As my heart continues to be recreated by our loving God (because I’ll tell ya, God’s got a long way to go yet on my heart!), it continues to hurt, but it also continues to bring new life and new perspective. And that is why this prayer remains essential: “Create in me a clean heart, O God, and renew a right spirit within me.” It was David’s prayer when he recognized the depth and reach of his sin. It has been the prayer of many generations of Jews and Christians who have prayed this Psalm. And it is our prayer, as we enter this Lenten season: that God would use this time to open us to the possibility of newness and change. At the end of Lent, we will see how God turns death and loss into life and victory through Jesus Christ; and so, let us, as we pray these ancient words, also pray that God would create life and victory in us.
            Let us pray… Holy God, create in us clean hearts, and renew a right spirit within us.
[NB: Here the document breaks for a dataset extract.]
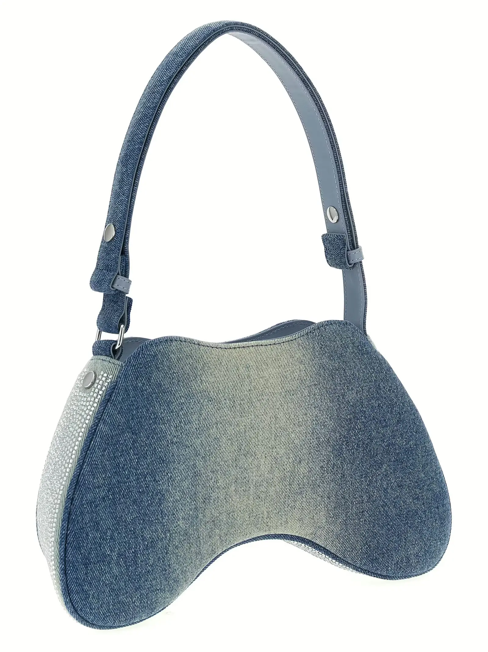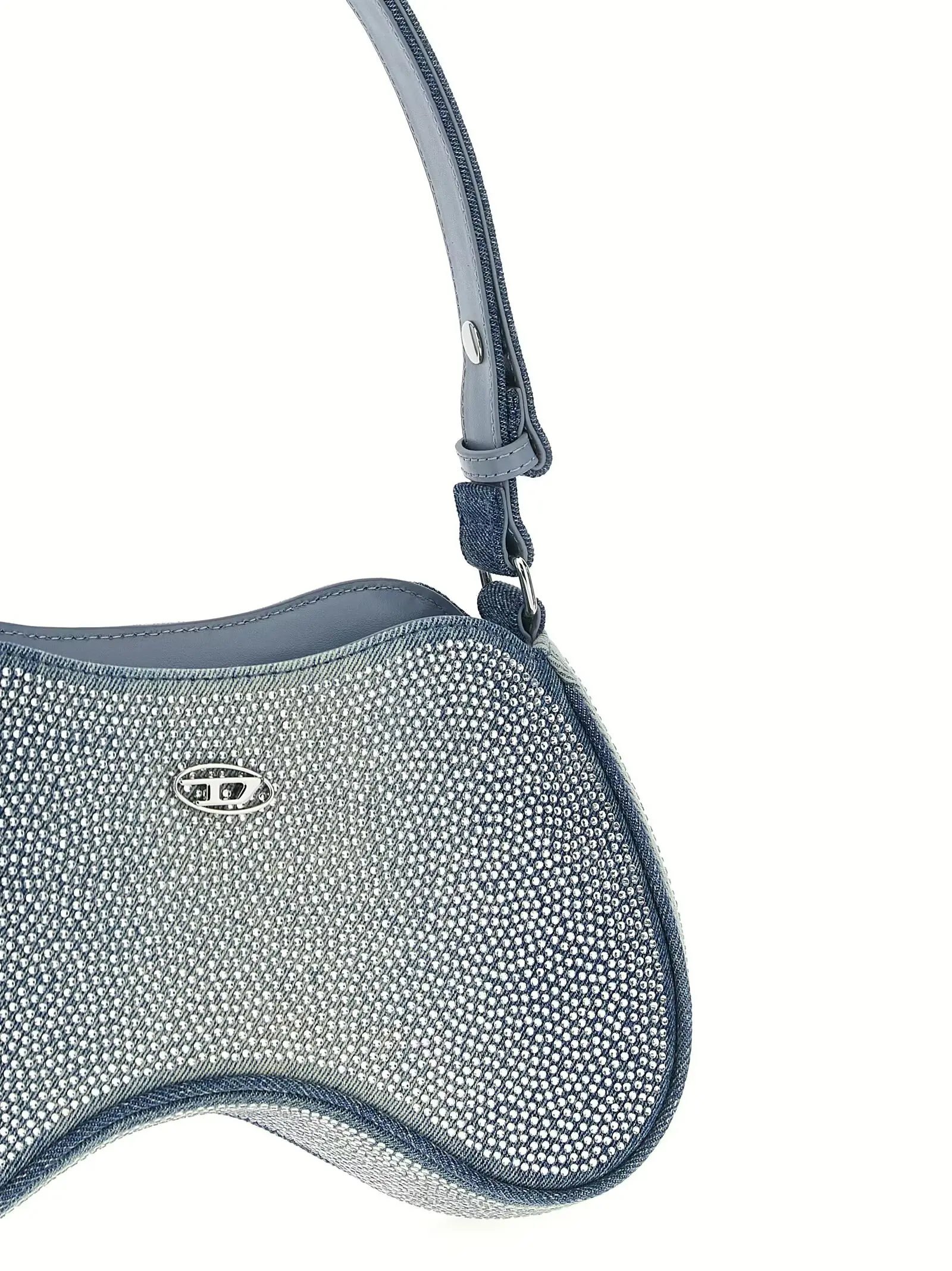 Ця жіноча сумка крос-боді виконана з високоякісного бавовняного деніму з додаванням поліуретану, оснащена блискучими стразами на передній панелі та металевим логотипом, що підкреслює витонченість. Зручна застібка на блискавці та регульований ремінь забезпечують функціональність і універсальність, додаючи образу неповторного статусу і стильного шарму.

Cast us not away from your presence, but bring us ever closer to you, as we work to open ourselves to your life-changing creativity in our lives. In the name of the Father and the Son and the Holy Spirit. Amen.    


[1] I know, paper bags have their issues too, especially with the water used to produce them and their increased weight and cost in shipping. Even cloth bags have their negative impact, although it is less the more times you use them. Consumerism causes damage to the environment, no way around it!